Robust scaling is less sensitive to outliers than standard scaling. Formula: (x - median) / IQR, where IQR = Q3 - Q1
Features are first log-transformed to handle skewed distributions and outliers, then robust scaling is applied.
- __init__(apply_log_transform: bool = True, quantile_range: Tuple[float, float] = (0.25, 0.75), clip_quantiles: Tuple[float, float] = (0.005, 0.995), constant_threshold: float = 1e-08)[source]¶
Initialize the robust scaler transform.
- Parameters:
apply_log_transform – Whether to apply log transformation before scaling
quantile_range – Tuple of (lower_quantile, upper_quantile) for IQR computation
clip_quantiles – Tuple of (lower_clip, upper_clip) for outlier clipping
constant_threshold – Threshold below which IQR is considered too small
- fit(features: Tensor, feature_names: Optional[List[str]] = None) RobustScalerTransform[source]¶
Fit the robust scaler on training data.
- Parameters:
features – Training features tensor of shape (n_instances, n_features)

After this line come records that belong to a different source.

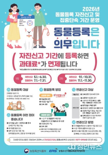 정안뉴스 안정주 기자 | 농림축산식품부는 5월부터 7월까지 동물등록 미등록자 및 미신고자를 대상으로 동물등록 자진신고 및 집중 단속기간을 운영한다.
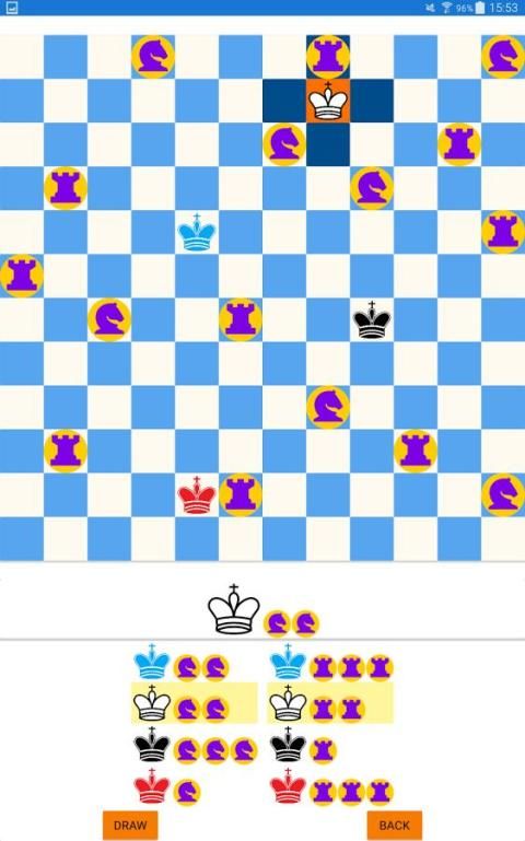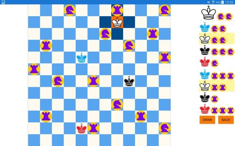 खिलाड़ियों को अलग-अलग रंगों में एक राजा के शतरंज के मोहरे के साथ प्रस्तुत कर रहे हैं।
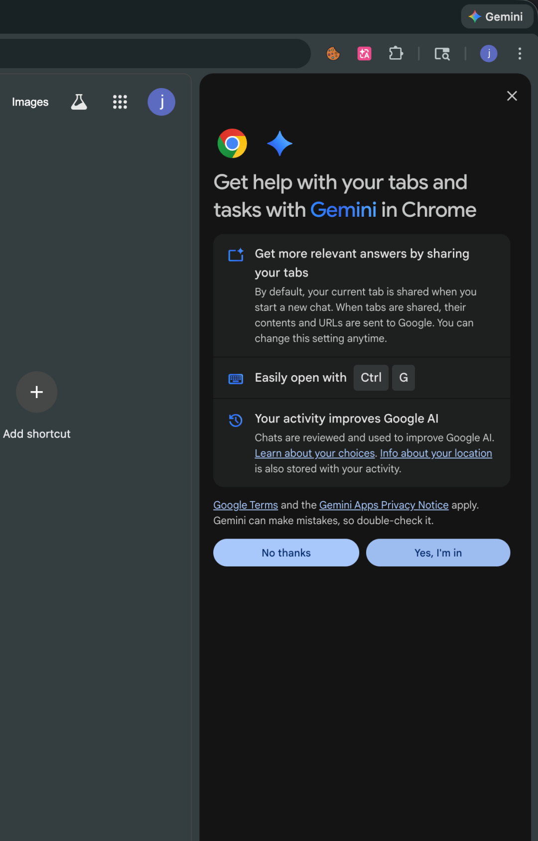 If all goes well, a Gemini button will appear in the upper right corner of the browser. Click it as shown in the figure, click yes, I'm in, and now you can use Gemini directly in the browser.

feature_names – Optional list of feature names for logging
- Returns:
Self for method chaining
- _transform_impl(features: Tensor) Tensor[source]¶
Apply the robust scaling to features.
- Parameters:
features – Input features tensor
- Returns:
Normalized features tensor
- classmethod from_config(config: Dict[str, Any]) RobustScalerTransform[source]¶
Create transform instance from configuration dictionary.